One Person Company

What is OPC (One Person Company) registration?

One Person Company in India is a new concept that has been introduced with the Company’s Act 2013. In India, a single person can form a one-person company. Before the enforcement of the Companies Act 2013 a single person was not able to establish a company. An OPC has features of a Company and the benefits of the sole proprietorship. Earlier if a person had to establish a business, then he or she should only opt for a sole proprietorship.

According to Section 2 (62) of the Company’s Act 2013, a company can be formed with just 1 director and 1 member. One Person Company registration in India is a type of entity where there are lesser compliances requirements than that of a Private Limited Company.

A One Person Company Registration in India can be obtained under the Companies Act 2013 with just one single member and one Director. The Director and member can also be the same person. Here an individual who may be a resident or Non-resident Indian can register an OPC in India.

Major reasons for incorporating an OPC in India

What are the advantages of establishing an OPC in India?

Distinct legal entity status: In India, an OPC registration is given the status of a separate legal entity. In this case, the member’s obligation is restricted to his or her shares, and he or she is not personally accountable for the losses incurred.

Easy to raise cash: Because a One Person Company is a separate legal entity, raising funds from venture capitalists, angel investors, incubators, and other sources is simple. One-person companies are more likely to be approved for financing than sole proprietorships. It is quite simple to get cash.

Fewer Compliances: When it comes to compliances under the Companies Act of 2013, the OPC has several exemptions. The Company Secretary is not required to sign the books of accounts or annual returns, which must be signed solely by the director.

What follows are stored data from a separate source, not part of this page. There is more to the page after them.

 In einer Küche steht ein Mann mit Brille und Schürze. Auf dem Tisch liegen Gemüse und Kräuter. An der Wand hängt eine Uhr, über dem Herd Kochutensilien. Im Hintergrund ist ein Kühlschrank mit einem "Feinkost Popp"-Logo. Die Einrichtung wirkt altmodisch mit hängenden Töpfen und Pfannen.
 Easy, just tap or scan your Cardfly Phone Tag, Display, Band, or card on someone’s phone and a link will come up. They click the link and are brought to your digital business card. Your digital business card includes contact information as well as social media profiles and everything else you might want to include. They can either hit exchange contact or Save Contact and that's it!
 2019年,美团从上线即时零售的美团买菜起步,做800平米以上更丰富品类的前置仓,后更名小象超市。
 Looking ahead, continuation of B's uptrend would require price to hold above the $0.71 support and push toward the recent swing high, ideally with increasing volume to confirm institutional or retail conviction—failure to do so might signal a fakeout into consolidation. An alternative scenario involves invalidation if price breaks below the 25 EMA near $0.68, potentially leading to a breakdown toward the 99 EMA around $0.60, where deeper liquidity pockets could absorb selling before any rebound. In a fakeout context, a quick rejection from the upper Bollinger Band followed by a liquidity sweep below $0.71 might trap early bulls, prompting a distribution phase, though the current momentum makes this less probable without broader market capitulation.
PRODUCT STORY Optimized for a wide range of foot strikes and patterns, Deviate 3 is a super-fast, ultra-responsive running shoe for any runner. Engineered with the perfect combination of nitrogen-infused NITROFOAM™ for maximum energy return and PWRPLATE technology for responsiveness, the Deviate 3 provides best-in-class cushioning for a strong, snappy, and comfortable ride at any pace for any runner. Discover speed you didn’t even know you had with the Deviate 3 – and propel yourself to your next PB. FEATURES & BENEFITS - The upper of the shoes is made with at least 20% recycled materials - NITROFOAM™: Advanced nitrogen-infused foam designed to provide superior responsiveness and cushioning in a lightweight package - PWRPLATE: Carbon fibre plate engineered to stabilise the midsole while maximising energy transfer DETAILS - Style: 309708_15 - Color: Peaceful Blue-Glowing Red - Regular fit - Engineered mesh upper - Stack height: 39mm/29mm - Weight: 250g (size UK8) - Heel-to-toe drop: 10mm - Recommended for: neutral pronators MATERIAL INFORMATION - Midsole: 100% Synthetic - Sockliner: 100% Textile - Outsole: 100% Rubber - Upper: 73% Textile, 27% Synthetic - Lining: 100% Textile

Easy Incorporation: The incorporation of an OPC is simple because just one member and one nominee are necessary. A member can also be a director. The minimum paid-up capital required to form an OPC in India is Rs.1 lakh. As a result, forming a One Person Company is simpler than forming other types of businesses.

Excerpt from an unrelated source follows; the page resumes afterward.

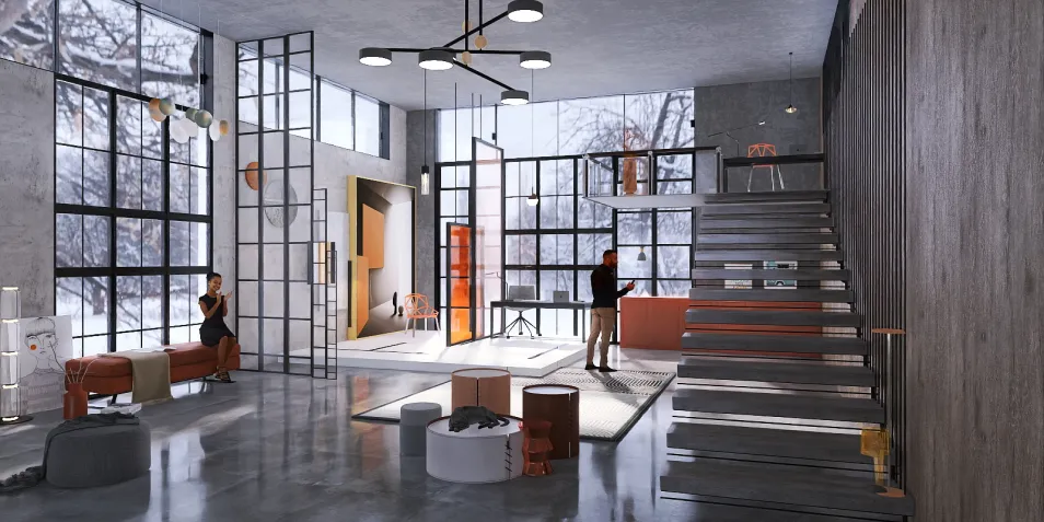working between partitions and levels Use of single sofas The existence of more partitions Creating a space with proper ventilation and more
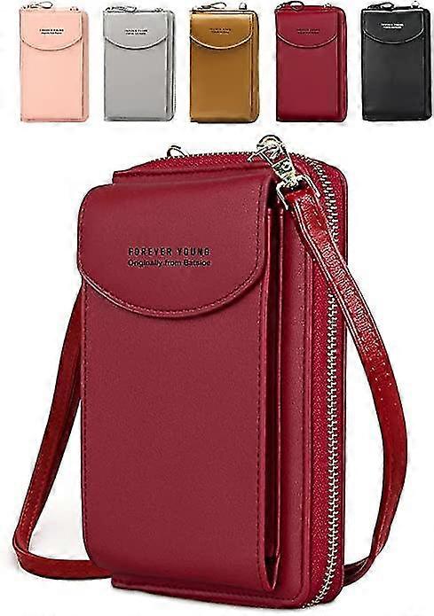 Crossbody Phone Bag For Women, Leather Ladies Cross Body Handbags Mobile Phone Pouch With Long Strap Zips Card Slots

Easier to handle: OPCs are simpler to manage since they may be set up and maintained by a single person. Making a selection is simple and quick. As a result, running a business is simple because there will be no internal disagreement or delays.

Permanent succession: – requires the appointment of a Nominee. When a member dies, the candidate takes over as the company’s president.

Documents needed to register with the OPC

What papers are needed to register for an OPC in India?

An applicant must provide the following papers to register a One Person Company in India:

  1. PAN Card
  2. Aadhar Card
  3. Photo ( Of Director and Nominee)
  4. Latest Bank statement or any bill that bears the name of the Director or the nominee
  5. Latest Bill for the office address.
How to obtain OPC registration?

DSC application form: The following papers must be presented in order to get the Digital Signature Certificate for the prospective Director:

Aadhar Card, PAN Card, Photo, Email Id, and Phone Number are all acceptable forms of identification.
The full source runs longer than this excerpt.